Fotografie en videokunst
Naast het nieuws op de televisie, ging ook de krant ging er anders uitzien. “De prachtige nieuwsfoto’s van Bert Verhoeff hebben zelfstandige zeggingskracht en vertellen een eigen verhaal,” aldus Van Breugel. “Juist voor dat soort foto’s maakt de krant steeds meer tekstkolommen vrij.” Aan de hand van het werk van nieuwsfotograaf Verhoeff wordt duidelijk dat de foto uitgroeide tot een volwaardig onderdeel van de krant. Show me the news toont ook videokunst die je aan het denken zet. Douwe Dijkstra, Lukács & Broersen, eddie d en Judith van IJken reageren op krant en journaal en onderzoeken de impact en de esthetiek van nieuwsbeelden.

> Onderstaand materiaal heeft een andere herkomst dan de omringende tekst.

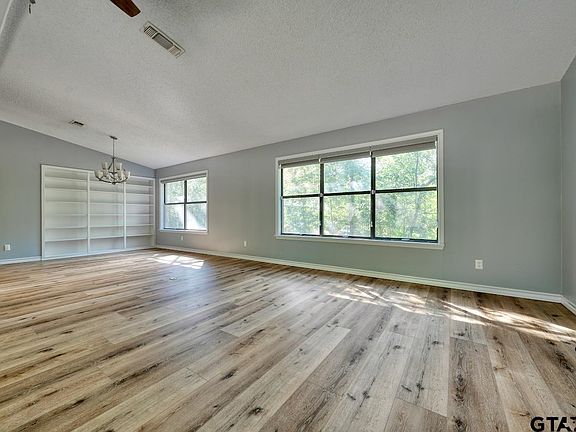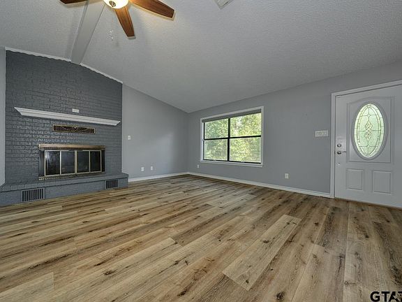 Welcome home to this beautifully maintained 2-bedroom, 2-bathroom, 2-car garage home offering 1,489 sq. ft. of living space in the highly sought-after, gated community of Hideaway Lake. Nestled on a quiet street, this inviting residence blends comfort, functionality, and timeless style – an ideal retreat for full-time living or a weekend getaway. Step inside to discover an open and airy floor plan designed for easy living and entertaining. The spacious living and dining areas are filled with natural light, creating a warm, welcoming atmosphere. The well-appointed kitchen boasts ample cabinetry, and generous counter space, making meal prep and casual dining a delight. The private primary suite offers a peaceful escape with a large closet and an en-suite bath featuring a walk-in shower and plenty of vanity space. A comfortable secondary bedroom and full bath provide room for guests, a home office, or hobby space. The home also features a convenient laundry area and additional storage to keep everything organized. Solar panels help keep your electric bill low. Enjoy outdoor living on your private lot, perfect for sipping your morning coffee or unwinding after a busy day while overlooking the peaceful backyard with mature trees offering shade and privacy. The attached two-car garage adds more storage and easy access. Living in Hideaway Lake means enjoying an array of resort-style amenities, including a 27-hole golf course, three sparkling lakes for fishing and boating, swimming pool, tennis and pickleball courts, clubhouse, parks, and 24-hour security – all just minutes from shopping, dining, and medical facilities in Tyler and surrounding areas. Whether you’re downsizing, purchasing your first home, or searching for a weekend retreat, this well-cared-for property offers a rare opportunity to experience the unmatched lifestyle of Hideaway. Schedule your private tour today and discover why so many love to call this community home!

Still uit video-installatie Démontable (2013) van Douwe Dijkstra

Still uit video-installatie Démontable (2013) van Douwe Dijkstra

Programma
Show me the news is samengesteld door gastcurator Liselotte Doeswijk en is te zien van 14 januari tot en met 22 maart 2015. Bij de tentoonstelling is een speciale app te downloaden met twee tours: de ene met veel extra informatie over de tentoonstelling en de andere speciaal voor kinderen. Het museum organiseert op de zaterdagmiddag lezingen die aansluiten bij de thema’s van de tentoonstelling.